Crimping pliers for crimping electrical conductors to corresponding connectors are known from U.S. Pat. No. 3,029,670. The pliers include a circumferentially opened recess being located in a C-shaped pliers head in which a first stationary crimping die is arranged, and in which a second crimping die is movably arranged. The movable crimping die is linearly guided in the pliers head by a cylinder-like guiding element. A toggle lever drive is provided for the stroke of the guiding element. The toggle lever drive is actuated by two handles, and it includes different additional levers. One of the levers of the toggle lever drive is supported in a stationary bearing. The disclosed pliers have a comparatively great overall length. The overall length of the pliers is determined by the need of room required for the linear guidance of the crimping die, and also by the arrangement of the toggle lever drive.
Other pliers for crimping workpieces are known from the European patent application number 0 203 241 A1. The pliers include a C-shaped pliers head, a stationary crimping die and a movable crimping die being arranged inside the pliers head. The movable crimping die is linearly guided inside the pliers head by a guiding element. The pliers head includes two longitudinal bores which are arranged symmetrically with respect to a longitudinal center plane. Two guiding projections being formed by a pin engage the two longitudinal bores. The pliers include a stationary handle and a pivotable handle. The pivotable handle is supported on the guiding projection facing the crimping dies. The guiding element has another longitudinal bore working together with a pin which is fixedly connected to the pliers head to form a linear guidance of the guiding element. The longitudinal bore determines the length of the possible stroke of the movable crimping dies and of the guiding element, respectively. The toggle lever drive is pivotally supported on the stationary pin by a toggle lever element. Thus, the stationary pin fulfils a guiding function for the guiding element as well as a supporting function for the toggle lever element of the toggle lever drive. The distance between these two guiding points depends on the angle of actuation of the handle. The pliers include only one nest being located at their crimping dies, so that tilt moments do not occur for the guiding element. The linearity of the guidance of the guiding element in the guiding point facing the crimping dies is only realized to a limited extend.

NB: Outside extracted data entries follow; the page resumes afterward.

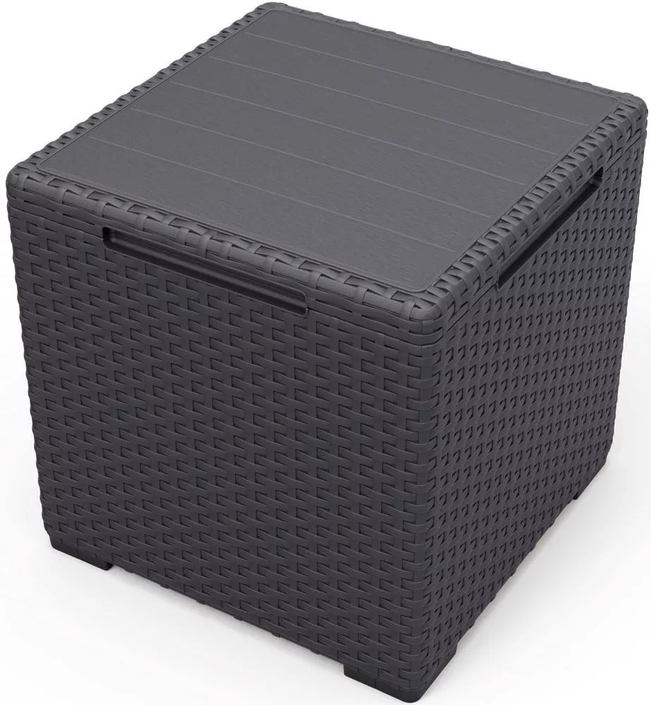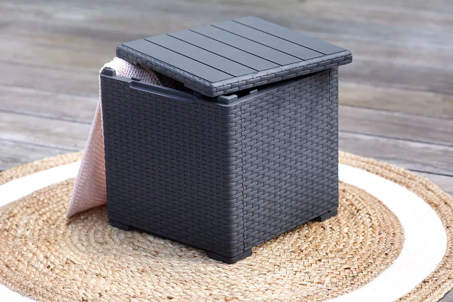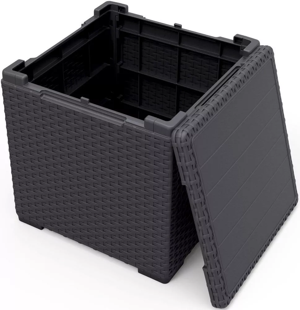 Úložný prostor je ideální pro uložení drobných zahradních doplňků, polštářů, dek, hraček nebo nápojů. Díky jednoduchému designu a grafitové barvě se stůl snadno kombinuje s dalším zahradním i bytovým nábytkem.
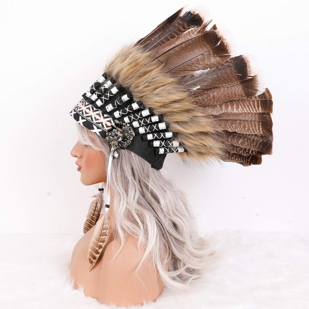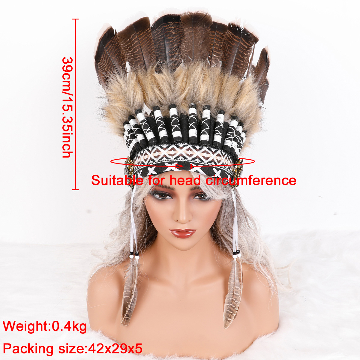 This Indian style headdress is made of natural feathers, and can be matched with feathers of different colors according to different preferences. This headdress is widely used in gatherings of major festivals such as Carnival and Halloween.
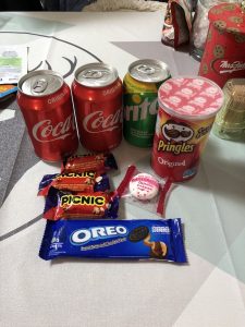 然後就去重頭戲,入lounge,成個package最抵嘅一環。都有幾樣熟食小食,有蛋糕仔,任飲茶包、咖啡、果汁、汽水、甚至酒。仲有picnic、棉花糖、曲奇餅,最緊要係仲有蝴蝶酥,我食咗勁多回本。我哋基本上無返過房乜滯,全程齋坐喺度chitchat。
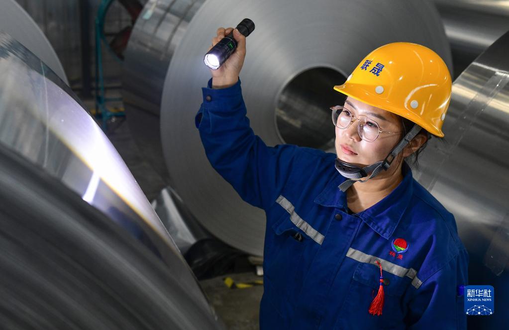 2月19日,在霍林郭勒市一家鋁業(yè)公司,質(zhì)檢員在檢查鋁箔產(chǎn)品質(zhì)量。
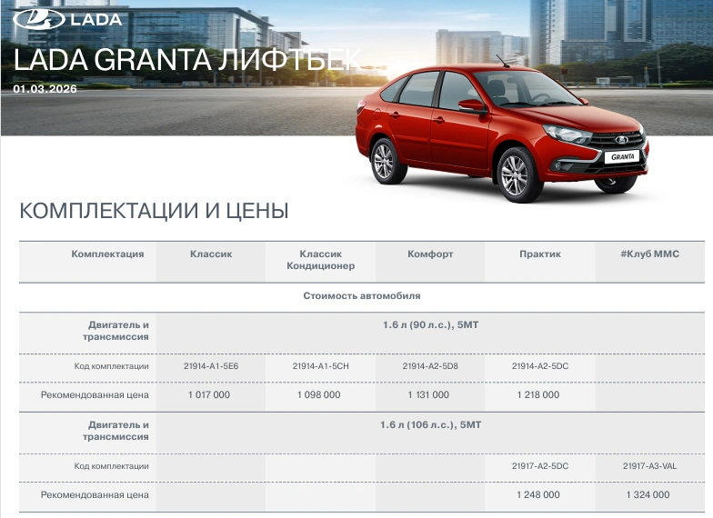 В ходе регулярного мониторинга цен и комплектаций автомобилей LADA сайту Лада.Онлайн удалось выяснить, что с марта 2026 года у лифтбека Lada Granta появилась новая базовая комплектация. Минимальная рекомендованная розничная цена этой модели стала дешевле на 81 тысячу рублей.
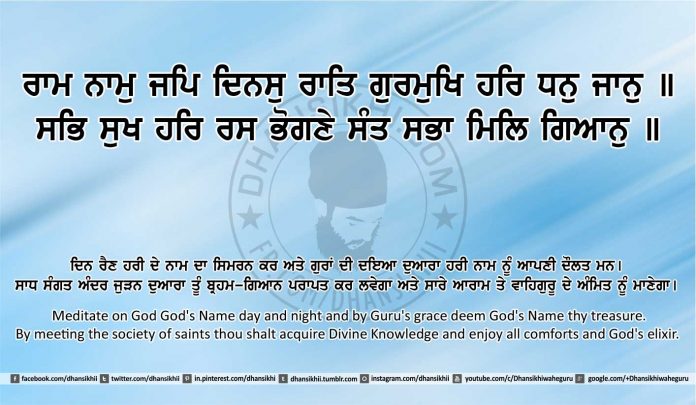 Raam Naam Jap Dhinas Raath Guramukh Har Dhhan Jaan ||
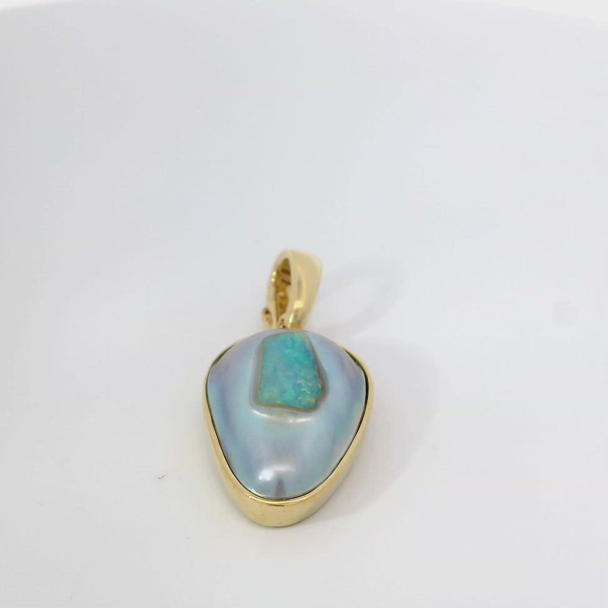 Discover this stunning piece from the Earth+Ocean Jewellery collection, featuring a unique Solid Opal and South Sea Mabe Pearl. Each piece showcases a natural fusion of opal encased in nacre layers by a Batwing Oyster, creating a one-of-a-kind treasure. This collection captures the essence of natural beauty, offering exclusive jewellery that seamlessly blends oceanic and earthy elements through a remarkable natural process.
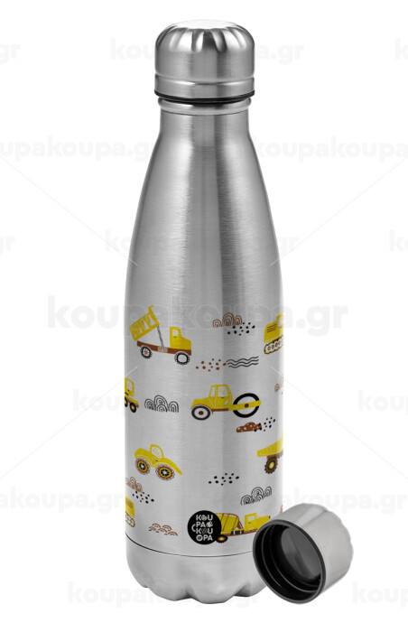 Αμαξάκια φορτωτές και μπουλντόζες, Μεταλλικό παγούρι νερού, ανοξείδωτο ατσάλι, 750ml
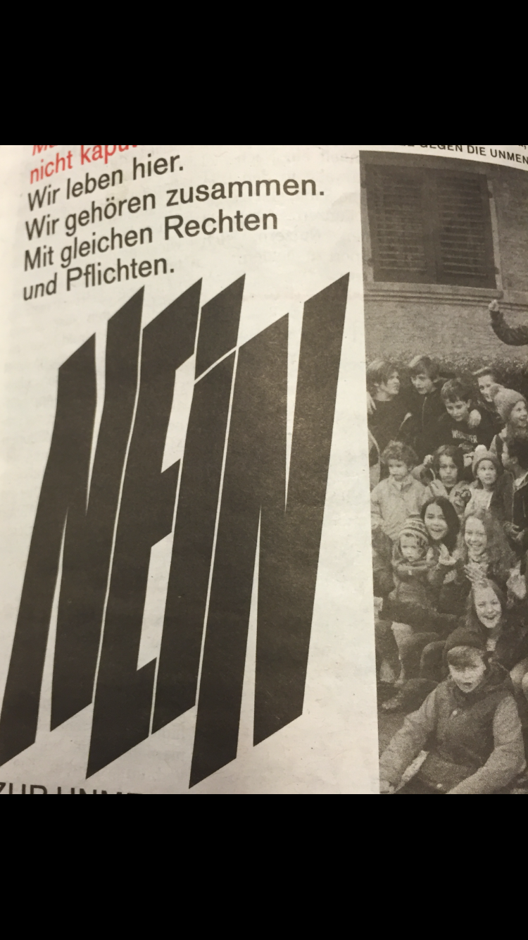 - Auf dem Weg zur Arbeit fiel mir heute morgen eine Anzeige auf. In runenartiger schwarzer Schrift stand dort gross das Wort NEIN. Daneben eine Schwarzweissphotographie einer Menschengruppe. Nach einer kurzen Schreckenssekunde erkannte ich das Motiv als Beitrag der DSI-NEIN-Initiative eines Bündnisses diverser Parteien. Tatsächlich hatte ich den Schriftzug in den letzten Tagen wiederholt auf Ansteckbuttons gesehen.
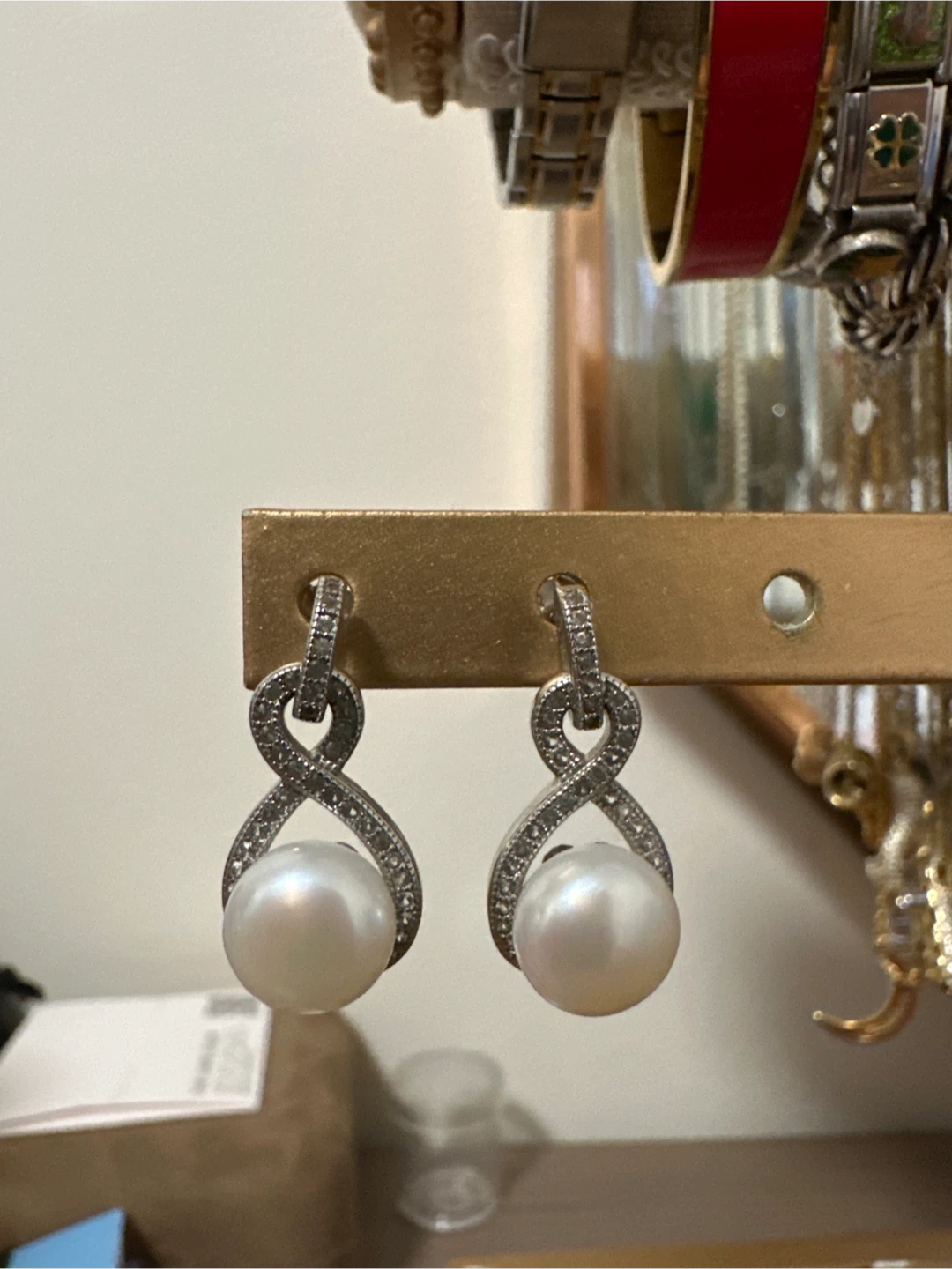 These are a beautiful pair of drop earrings featuring a pearl suspended within a decorative, possibly pave-set, design. They would make a lovely addition to any jewelry collection!
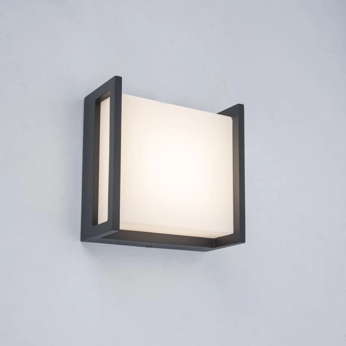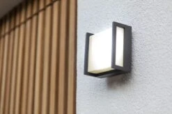 „Qubo“, ist eine sehr modern gestaltete eckige Außenwandleuchte der Firma Eco-Light. Der Rahmen kommt in einer dezenten Anthrazit-Optik und bietet viel Freiraum um dem Leuchtmittel mehr als genug Fläche zum strahlen zu bieten. Qubo leuchtet mit 650 Lumen bei einer Leistung von 8,5 Watt.
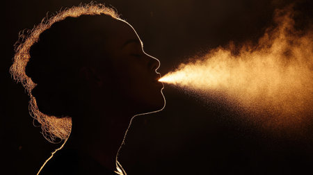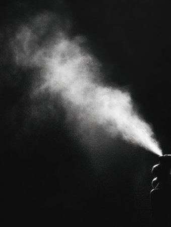 A hand releases a fine spray of mist against a contrasting dark background, adding mystery and depth to the scene, evoking curiosity and fascination.
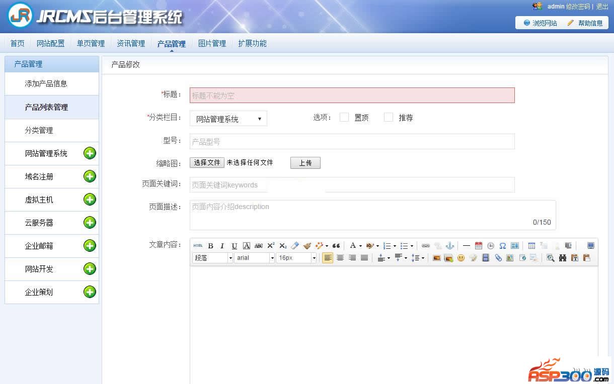 内容管理包含新闻资讯,产品,图片管理功能,具备二级分类功能,各内容页可单独设置kewords,description信息,进行单页SEO优化;站点新闻搜索系统。
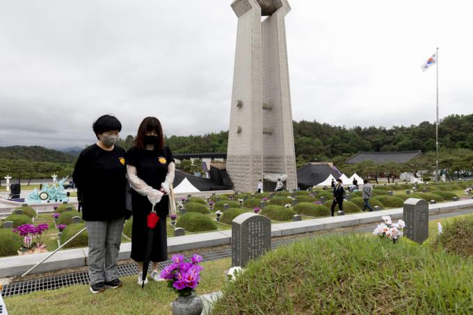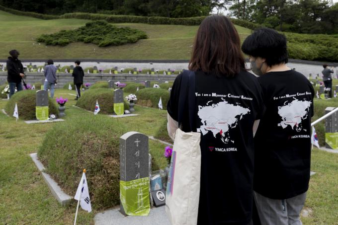 제41주년 5·18 민주화운동 기념일을 하루 앞둔 17일 광주 북구 국립5·18민주묘지에서 '미얀마 후원티셔츠'를 입은 YMCA 관계자들이 참배하고 있다.
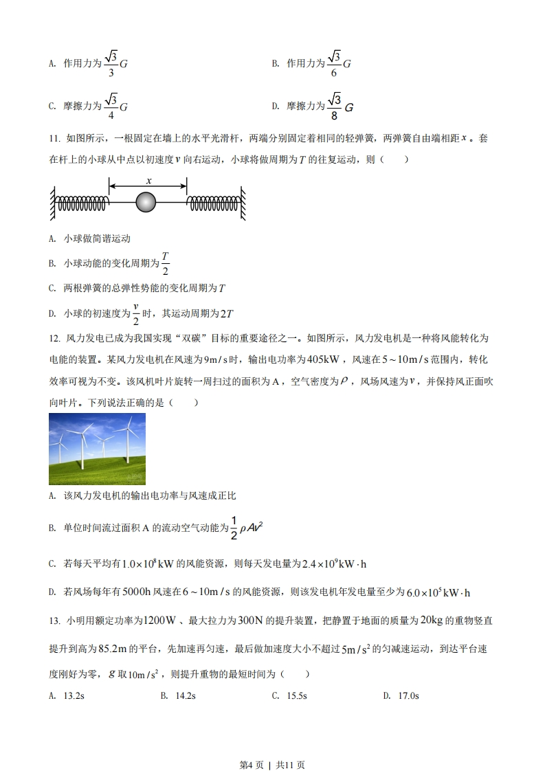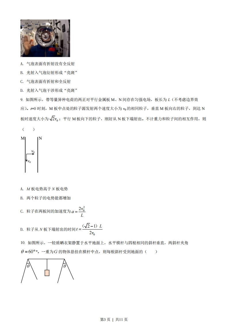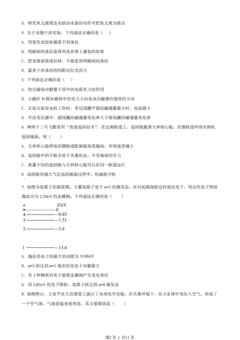 2022年6月浙江省普通高校招生选考科目考试物理试题本试题卷分选择题和非选释题两部分,共7页,满分100分,考试时间90分钟。考生注意:1.答题前,请务必将自已的姓名,准考证号用黑色字迹的签宇字笔或钢笔分别填写在试题卷和答题纸规定的位置上。2.答题时,请按照答题纸上“注意事项”的要求,在答题纸相应的位置上规范作答,在本试题卷上的作答一律无效。3.非选择题的答案必须使用黑色字迹的签字笔或钢笔写在答题纸上相应的区域内,作图时先使用2B铅笔,确定后必须使用黑色字迹的签字笔或钢笔描黑。4.可能用到的相关公式或参数:重力加速度g均取10m/s2,选择题部分一、选释题1((本题共13小题,每小题3分,共39分。每小题列出的四个备选项中只有一个是符合题目要求的,不选、多选、错选均不得分)1.下列属于力的单位是()A.kg.m/s2B.kg.m/sC.kg.m2sD.kg.s/m22.下列说法正确的是()A.链球做匀速圆周运动过程中加速度不变B.足球下落过程中惯性不随速度增大而增大C.乒乓球被击打过程中受到的作用力大小不变D.篮球飞行过程中受到空气阻力的方向与速度方向无关3.如图所示,鱼儿摆尾击水跃出水面,吞食荷花花瓣的过程中,下列说法正确的是()A.鱼儿吞食花瓣时鱼儿受力平衡B.鱼儿摆尾出水时浮力大于重力C.鱼儿摆尾击水时受到水的作用力第1页」共11页D.研究鱼儿摆尾击水跃出水面的动作可把鱼儿视为质点4.关于双缝干涉实验,下列说法正确的是()A.用复色光投射就看不到条纹B.明暗相间条纹是两列光在屏上叠加的结果C.把光屏前移或后移,不能看到明暗相间条纹D.蓝光干涉条纹的间距比红光的大5.下列说法正确的是()A.恒定磁场对静置于其中的电荷有力的作用B.小磁针N极在磁场中的受力方向是该点磁感应强度的方向C.正弦交流发电机工作时,穿过线圈平面的磁通量最大时,电流最大D.升压变压器中,副线圈的磁通量变化率大于原线圈的磁通量变化率6.神州十三号飞船采用“快速返回技术”,在近地轨道上,返回舱脱离天和核心舱,在圆轨道环绕并择机返回地面。则()A.天和核心舱所处的圆轨道距地面高度越高,环绕速度越大B.返回舱中的宇航员处于失重状态,不受地球的引力C.质量不同的返回舱与天和核心舱可以在同一轨道运行D返回舱穿越大气层返回地面过程中,机械能守恒7.如图为氢原子的能级图。大量氢原子处于=3的激发态,在向低能级跃迁时放出光子,用这些光子照射逸出功为2.29V的金属钠。下列说法正确的是()EleV4.-0.8531-1.512-3.4-13.6A.逸出光电子的最大初动能为10.80eVB.=3跃迁到=1放出的光电子动量最大C.有3种频率的光子能使金属钠产生光电效应D.用0.85eV的光子照射,氢原子跃迁到=4激发态8.如图所示,王亚平在天宫课堂上演示了水球光学实验,在失重环境下,往大水球中央注入空气,形成了一个空气泡,气泡看起来很明亮,其主要原因是()第2页共11页A.气泡表面有折射没有全反射B.光射入气泡衍射形成“亮斑”C.气泡表面有折射和全反射D.光射入气泡干涉形成“亮斑”9.如图所示,带等量异种电荷的两正对平行金属板M、N间存在匀强电场,板长为L(不考虑边界效应)。=0时刻,M板中点处的粒子源发射两个速度大小为%的相同粒子,垂直M板向右的粒子,到达N板时速度大小为√2。:平行M板向下的粒子,刚好从N板下端射出。不计重力和粒子间的相互作用,则MA.M板电势高于N板电势B.两个粒子的电势能都增加C.粒子在两板间的加速度为a=26(√2-1)LD.粒子从N板下端射出的时间t=2%10.如图所示,一轻质晒衣架静置于水平地面上,水平横杆与四根相同的斜杆垂直,两斜杆夹角0=60°°。一重为G的物体悬挂在横杆中点,则每根斜杆受到地面的()第3页」共11页

The present invention generally relates to pliers for crimping workpieces. More particularly, the present invention relates to pliers for crimping workpieces including a pliers head including at least two cover plates and a recess, the cover plates having rectilinear channels arranged therein. A stationary crimping die is arranged inside the recess of the pliers head. A movable crimping die is arranged inside the recess of the pliers head. A guiding element includes two spaced apart guiding projections and defines a line of movement, the guiding element including an opening for its stroke, being connected to the movable crimping die and linearly guiding the movable crimping die in the rectilinear channels arranged in the cover plates. A bearing is arranged on the cover plates and in the line of movement between the two guiding projections of the guiding element to enlarge the distance between the two guiding projections. The bearing is fixedly arranged in the opening of the guiding element. A toggle lever element is supported on the bearing. A stationary handle is fixedly connected to the pliers head. A movable handle is pivotable with respect to the pliers head and it is connected to the guiding projection adjacent to the crimping dies and it is connected to the toggle lever element. A toggle lever drive to linearly move the movable crimping die toward and away from the stationary crimping die is provided.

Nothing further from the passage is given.